DATA BELOW |
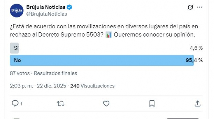 La mayoría de los ciudadanos consultados a través de las redes sociales de Brújula Digital expresó su desacuerdo con las movilizaciones que se registran en distintos puntos del país en rechazo al Decreto Supremo 5503, según los resultados de un reciente sondeo de opinión.
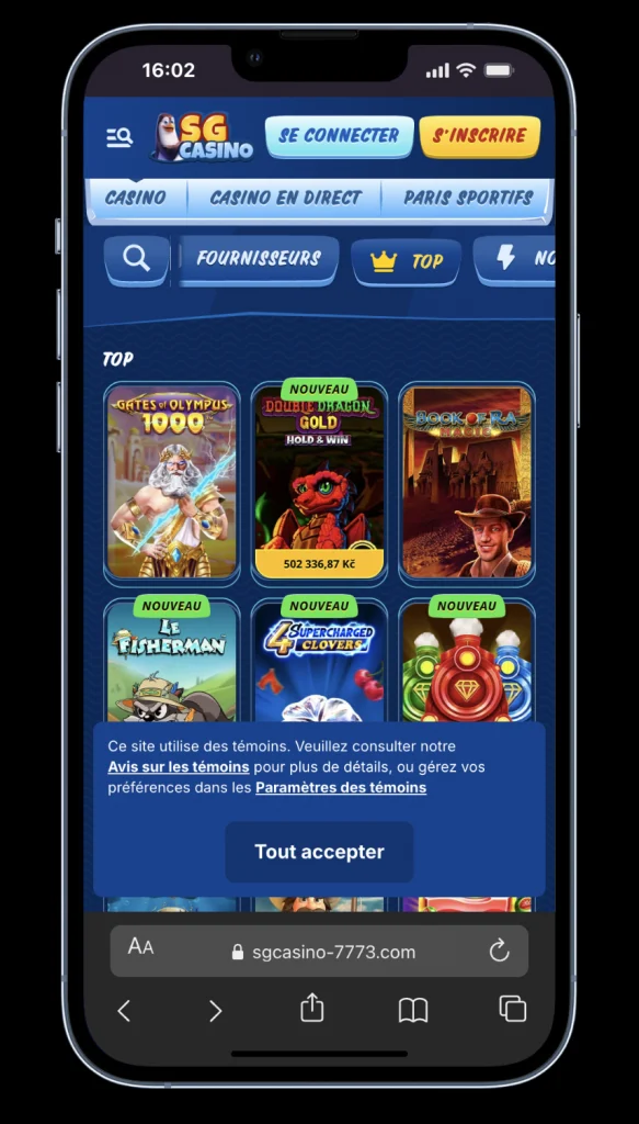 SG Casino application en ligne est entièrement optimisé pour le mobile, avec une interface responsive qui s’adapte parfaitement aux smartphones et tablettes. La navigation reste simple et rapide, que ce soit pour lancer une machine à sous, consulter le live casino ou accéder aux paris sportifs.
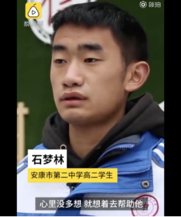 2、高中生狂追撞人逃逸三轮200米 陕西安康,一位老人被三轮车撞倒,司机逃逸,高二学生石梦林狂追200米。由于没追上肇事车,男孩将老人扶至路边,帮忙报警、联系家人,警方很快锁定了嫌疑人。男孩说,当时周围没什么人,如果自己不帮忙,担心老人伤势会加重。(@一手video)

TRY IT | Give back the material exactly as written, from its first line to the line that contains "SG Casino application", and leave out the pictures.

SOLUTION FOR THIS TASK |
 La mayoría de los ciudadanos consultados a través de las redes sociales de Brújula Digital expresó su desacuerdo con las movilizaciones que se registran en distintos puntos del país en rechazo al Decreto Supremo 5503, según los resultados de un reciente sondeo de opinión.
 SG Casino application en ligne est entièrement optimisé pour le mobile, avec une interface responsive qui s’adapte parfaitement aux smartphones et tablettes. La navigation reste simple et rapide, que ce soit pour lancer une machine à sous, consulter le live casino ou accéder aux paris sportifs.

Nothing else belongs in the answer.